La facture de Sarah Knafo sur l’Algérie relance le débat historique

Sarah Knafo a provoqué une vive polémique en avançant le chiffre de 9,056 milliards d’euros par an pour dire que l’Algérie « coûterait » à la France. Mais ce calcul, qui mêle visas, soins, prestations sociales, pensions, transferts financiers et une part supposée de la délinquance, additionne des postes de nature très différente et ne repose pas, selon le texte, sur une base comparable.
L’auteur du texte soutient que cette « facture » ne vise pas tant à informer qu’à faire circuler un argument politique simple : réclamer « pas un centime de plus à Alger ». En réponse, il appelle à élargir le regard et à rouvrir l’ensemble du dossier historique entre la France et l’Algérie, en rappelant que l’histoire ne commence pas en 1830 avec le débarquement français.
Le texte revient d’abord sur le contentieux financier qui précédait la conquête, autour d’une dette liée à des achats de blé pendant les guerres révolutionnaires. Il rappelle aussi qu’en juillet 1830, l’expédition française a conduit à la saisie d’un trésor à Alger, venu alléger le coût de l’occupation. Pour l’auteur, la logique coloniale consistait déjà à faire payer au pays conquis les moyens de sa domination.
La mise en valeur présentée comme un apport de civilisation est également contestée. Routes, écoles et hôpitaux sont décrits comme des instruments de contrôle, dans un système où la terre fut confisquée, les populations déplacées et les ressources exploitées.
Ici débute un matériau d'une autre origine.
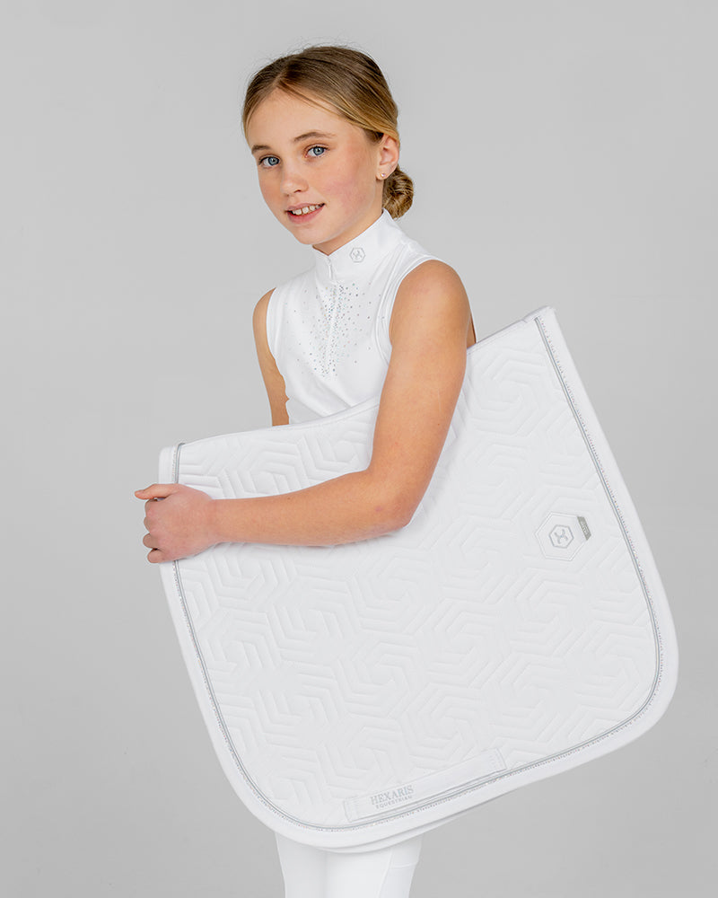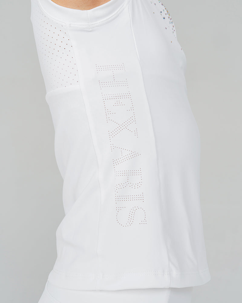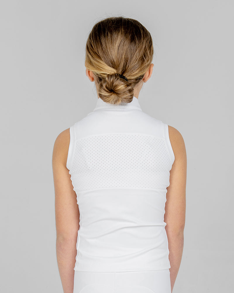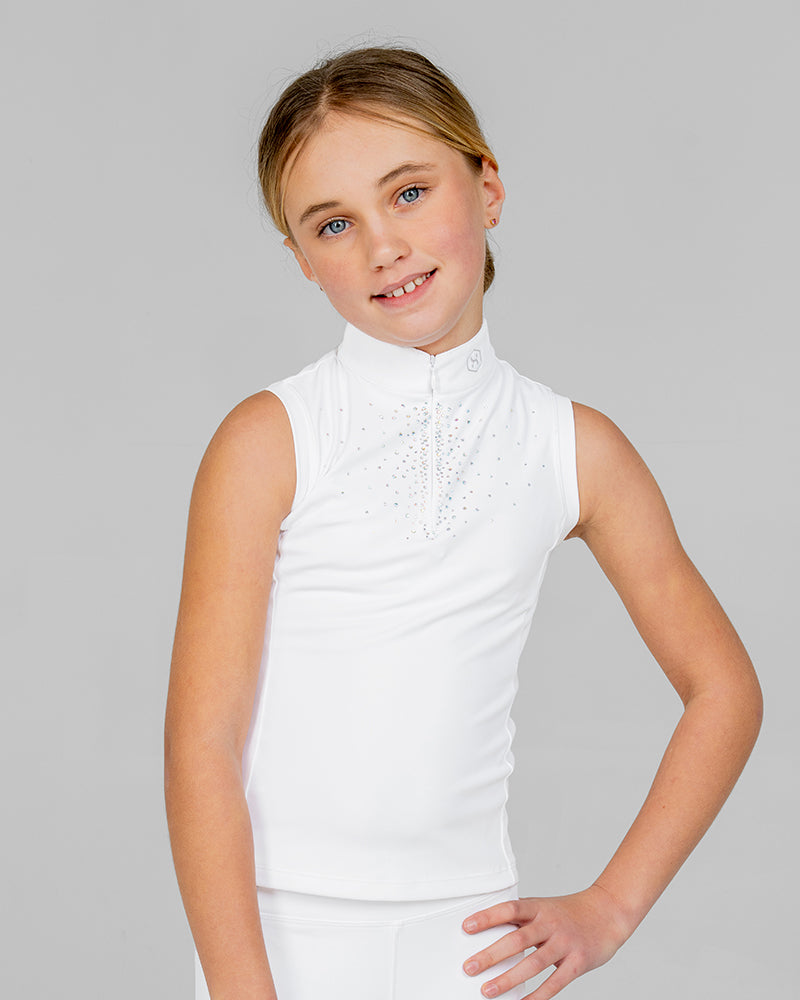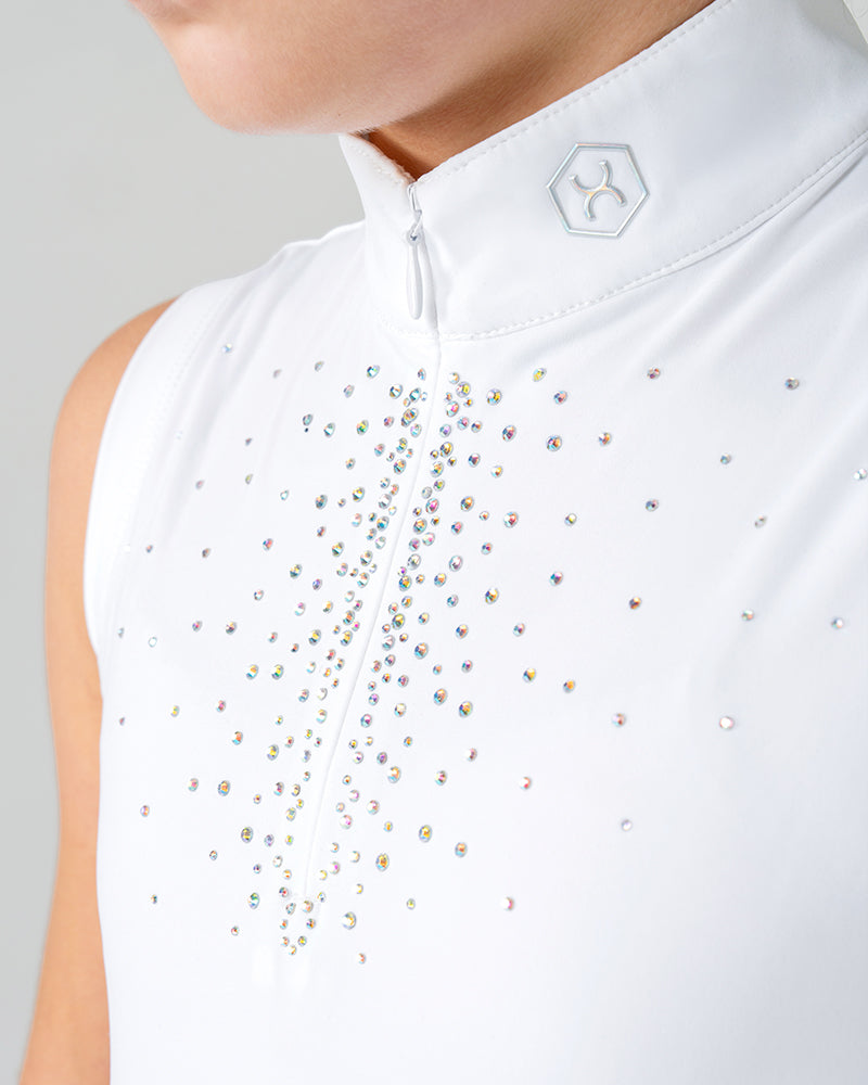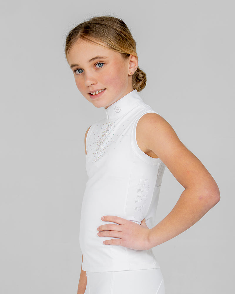 The White Aurora Kids Sleeveless Competition Shirt combines elegant performance with modern sparkle. Crafted from soft, stretchy performance fabric with laser-cut panels for improved airflow, this breathable children’s white show shirt offers a sleek, flattering silhouette. Delicate Aurora Borealis rhinestones on the chest add a refined touch of shine, making it a standout piece in any young rider’s competition wardrobe.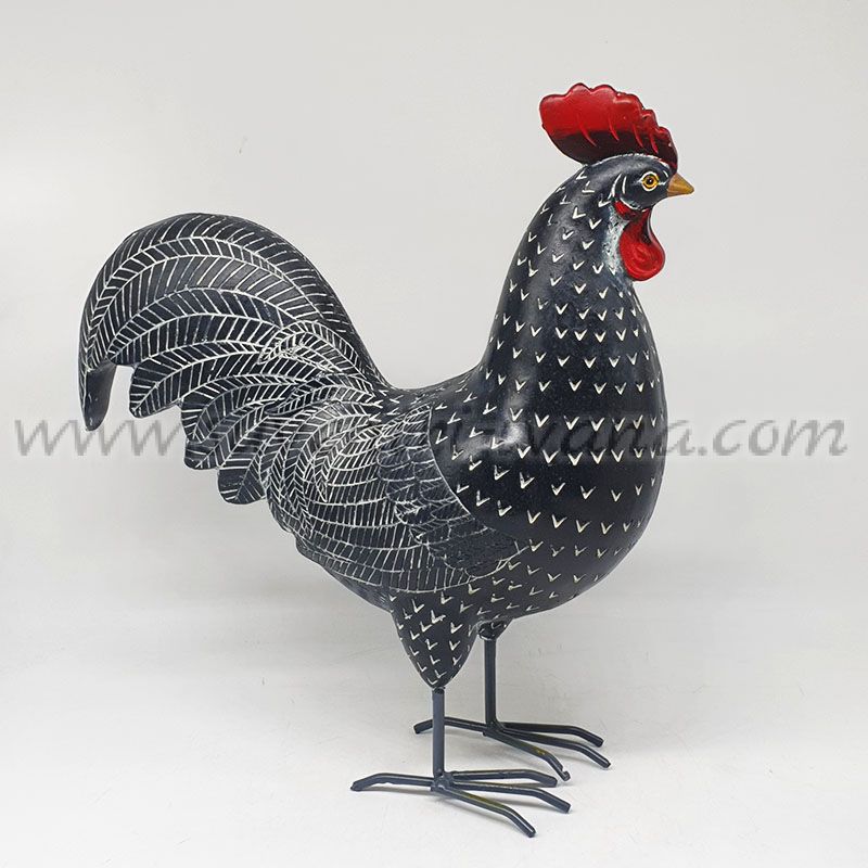 Декоративният петел от полирезин с метални крака е стилен акцент за дома, офиса или търговски пространства. Фигурата е изработена от полирезин с детайлна текстура и ръчно изрисуван ефект, който придава характер и автентичност.
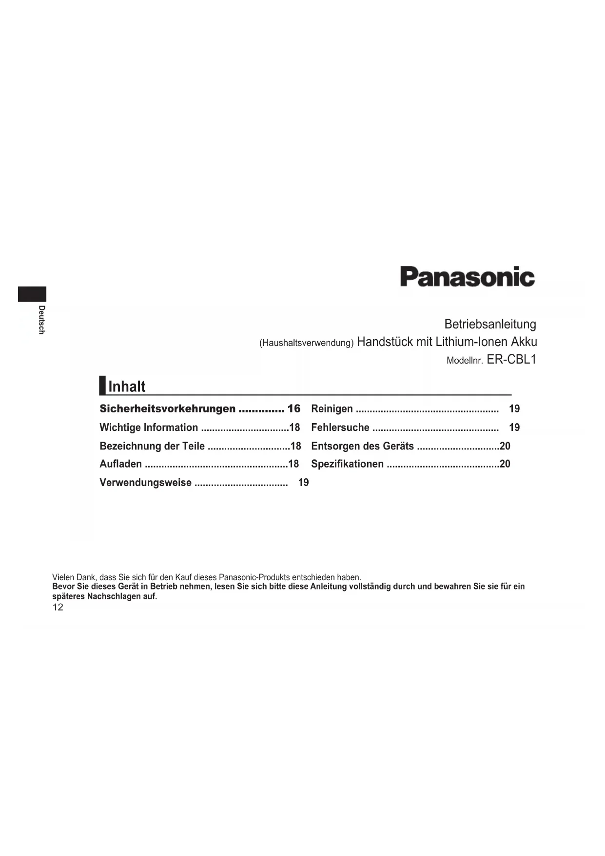 BEDIENUNGSANLEITUNG ERCBL1 PANASONIC
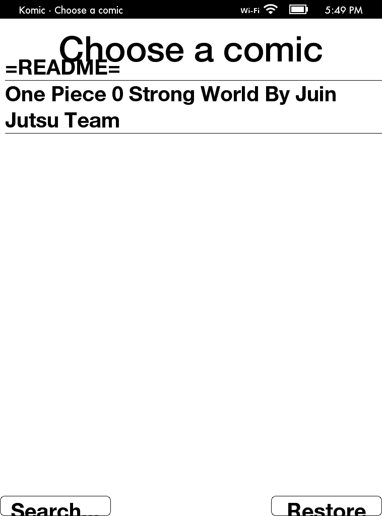 The bad news is that doesn't seem to be extremely stable. Needs to be rebooted every time you close the software if you wanna exec it again. Kual too seems to became unstable after running Komic. When it doesn' start the only information I can read about are: - GATHERING INFORMATION... - COVER VIEW DISABLED - Application Error: The selected application could not be started. Please try again. If your software seems to have a log method but I haven't figured out how to use it. The logfiles in Logs are all empty but Komic_update.txt (But it seems useless) I made a couple of screenshot to show you how it runs (When it does it). I just started working on kindle device but I'll be happy to try to help you with testing. Last edited by Axxx; 01-19-2014 at 12:44 PM. Reason: Uploaded the only shot that could be useful |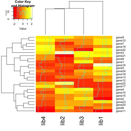 히트맵 이외에 밀도 데이터와 스케일 바 등의 부가 정보도 그려야 하는 경우 gplots 패키지의 heatmap.2 기능을 사용할 수 있다.
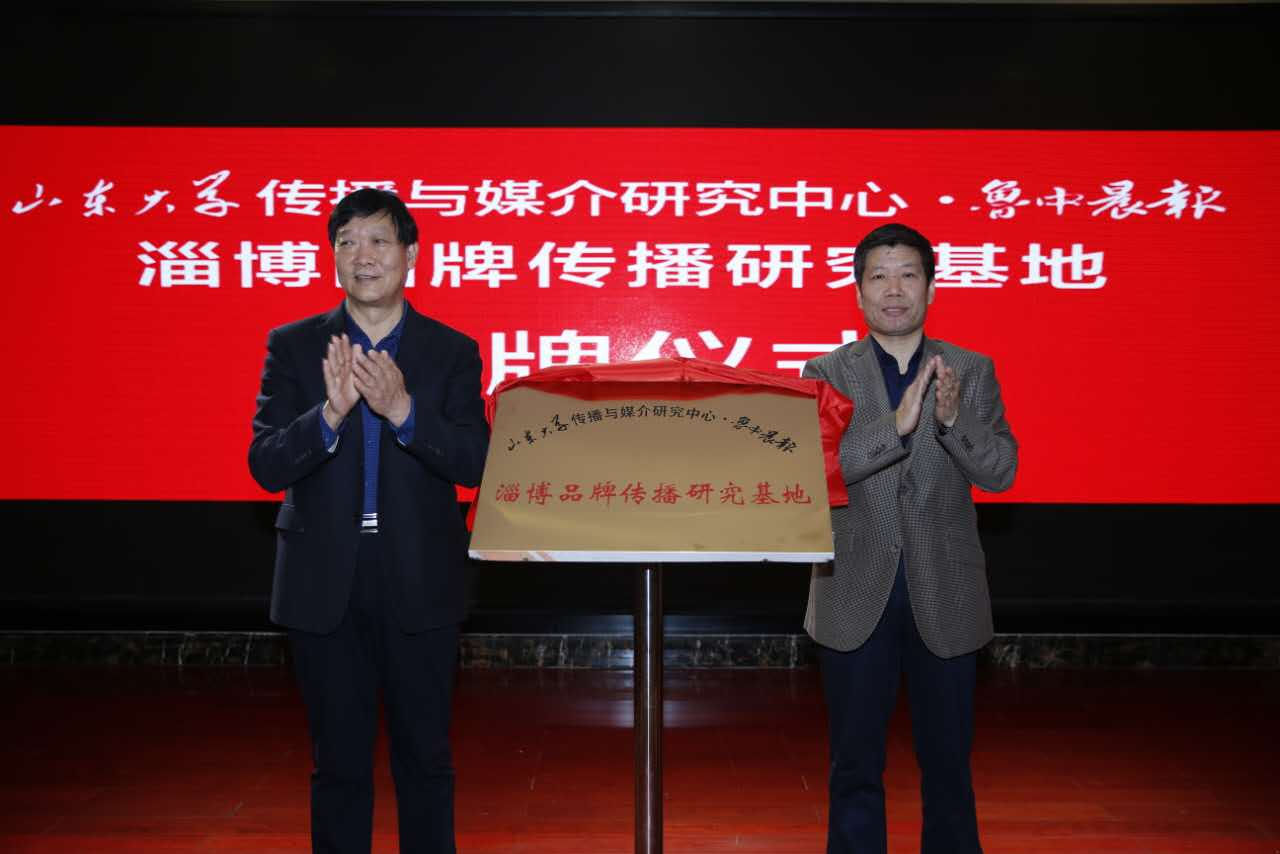 12月15日下午,由九五之尊电子游戏网址大全传播与媒介研究中心和鲁中晨报共同发起成立的淄博品牌传播研究基地揭牌成立。中共淄博市委宣传部常务副部长张洪兴,九五之尊电子游戏网址大全新闻传播学院党委书记王德胜为基地揭牌。九五之尊电子游戏网址大全新闻传播学院副院长、九五之尊电子游戏网址大全传播与媒介研究中心主任刘明洋,淄博市科学技术局局长于秀栋,鲁中晨报总编辑孙宏弢等参加了揭牌仪式。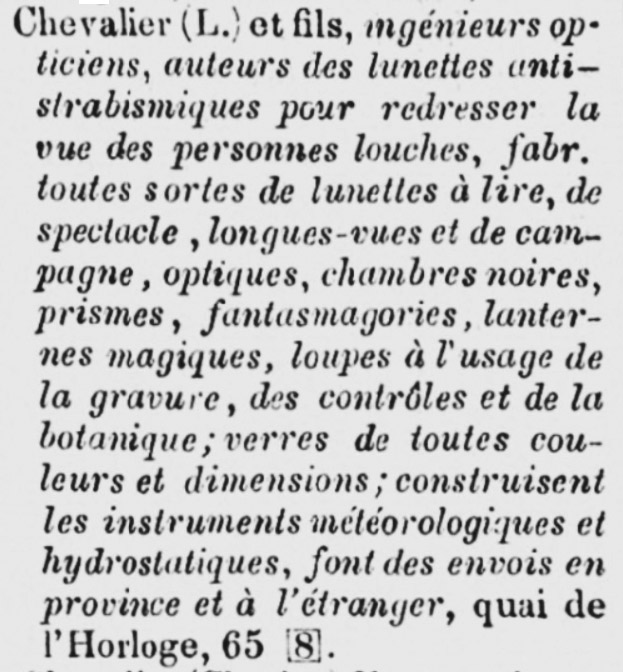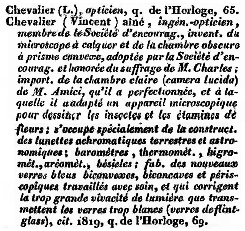 Entries from the 1823 "Almanach du commerce de Paris", which clarifies that it was Vincent Chevalier, not brother Louis, who developed the camera lucida. Vincent had been in business since 1805 (having taken over his father's shop upon his death) and was evidently successful enough to pay for an extensive description of his business, whereas Louis had only been in business for about 4 years, and settled for a simple listing.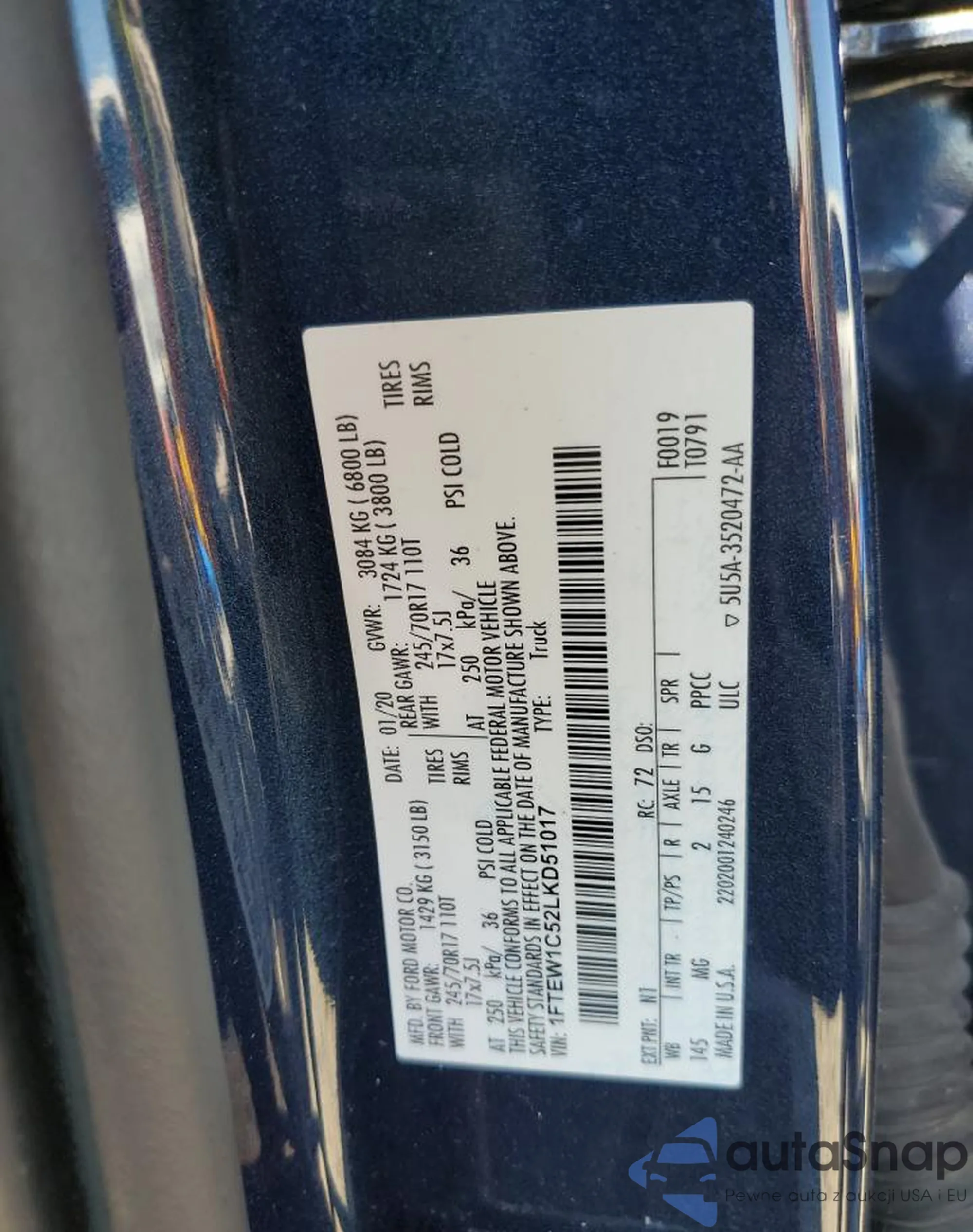 LOT: 76348904 VIN: 1FTEW1C52LKD51017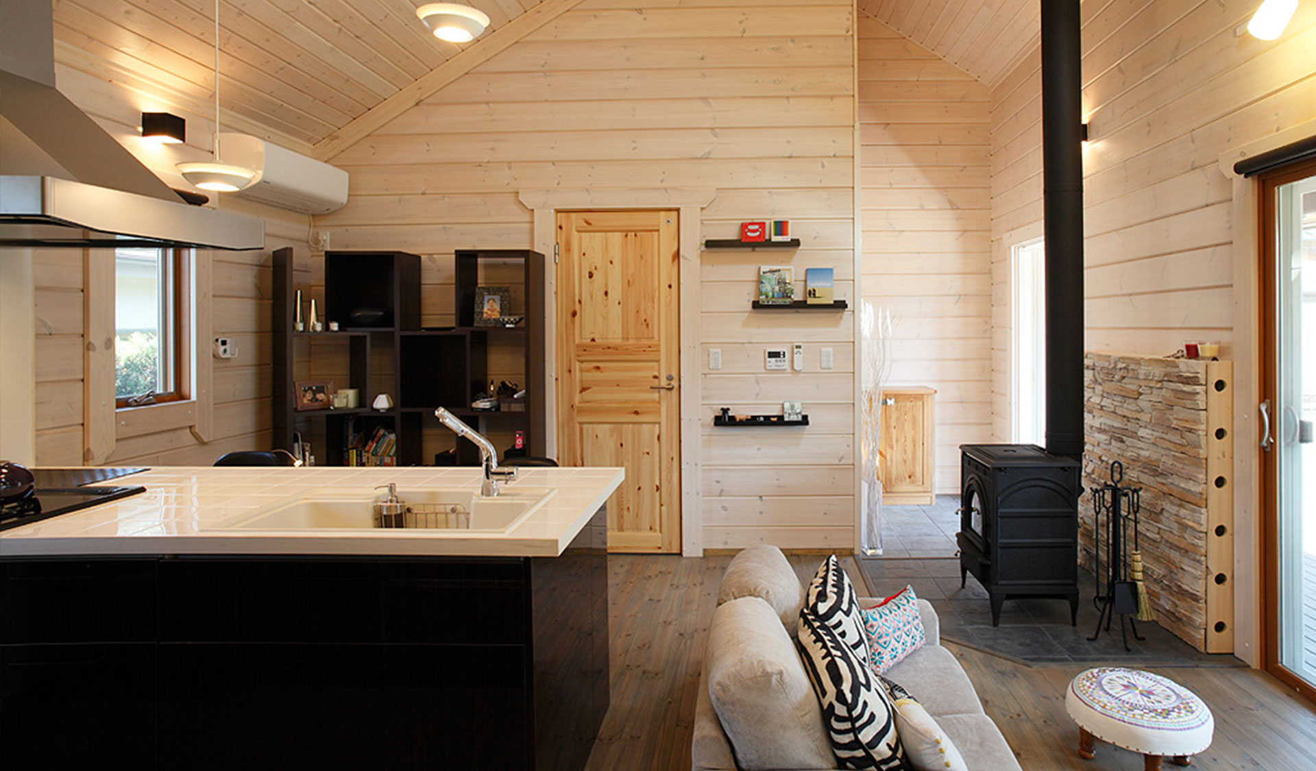ログハウス風デザイン&薪ストーブで憧れを実現。自由なアレンジで生まれた平屋<COVACO>ALLWELL オールウェル 新築・注文住宅・規格住宅 福島県。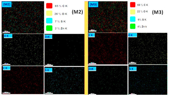 The EDS elemental mapping distributions of coaxial nanofiber membranes are shown in Figure 5. Images show homogeneous dispersion of ZnO in the ultrafine membranes fibers regrading the M2 membrane. Besides that, the EDS mapping of the M2 membrane shows that ZnO NPs were well distributed among the membrane material. The elemental composition of the M2 membrane shows the elemental composition of 65% C, 26% O, and 2% Zn, in which the core side has ZnO NPs. However, the M3 membrane shows a higher content of Zn—this is due to the outer shell composite fiber containing CA polymer and ZnO NPs. Figures S2 and S3 show elemental EDS point results of the developed membranes M1–M6 with the presence of all elements of the composite’s membranes.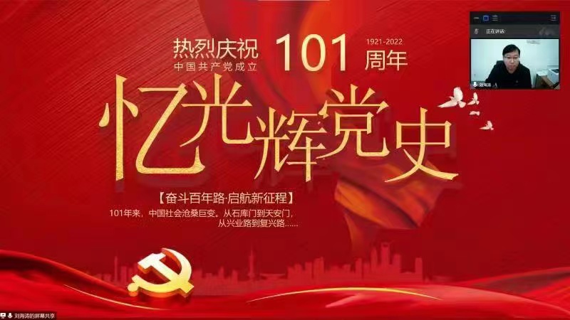 开班仪式结束后,学院党委书记刘海涛为学员们带来了本次培训班的第一堂课。课上,他从“不忘党史——传承革命精神”、“不忘职责使命——牢记党的嘱托”、“不忘党的初心——传承红色基因”、“扛起新使命,开启新征程”四个方面为学员们诠释了党史学习的重要性,他强调,广大学员要高举中国特色社会主义伟大旗帜,全面贯彻新时代中国特色社会主义思想,弘扬伟大建党精神,自信自强、守正创新,踔厉奋发、勇毅前行,为全面建设社会主义现代化国家、全面推进中华民族伟大复兴而团结奋斗;要始终铭记入党初心,不忘作为一名学生的职责与使命;要按照一名正式党员的标准严格要求自己,牢记党的宗旨,要担起新时代赋予青年的历史使命。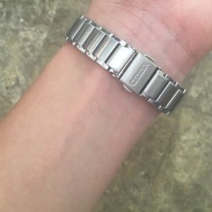 Band Silver-Tone, Stainless Steel, Bracelet, Fold Over Clasp with Push Button

Le texte insiste aussi sur les violences de la conquête, les enfumades, les famines et les destructions de villages, ainsi que sur des épisodes comme le massacre de Laghouat en 1852, où plus des deux tiers des habitants auraient été tués selon les sources citées.
L’article élargit enfin le débat aux soldats algériens morts pour la France, à l’exploitation de la main-d’œuvre, aux essais nucléaires dans le Sahara et aux archives encore incomplètement ouvertes. Sa conclusion est claire : avant de parler d’une prétendue dette algérienne, il faudrait d’abord examiner le passif colonial français dans toute son ampleur.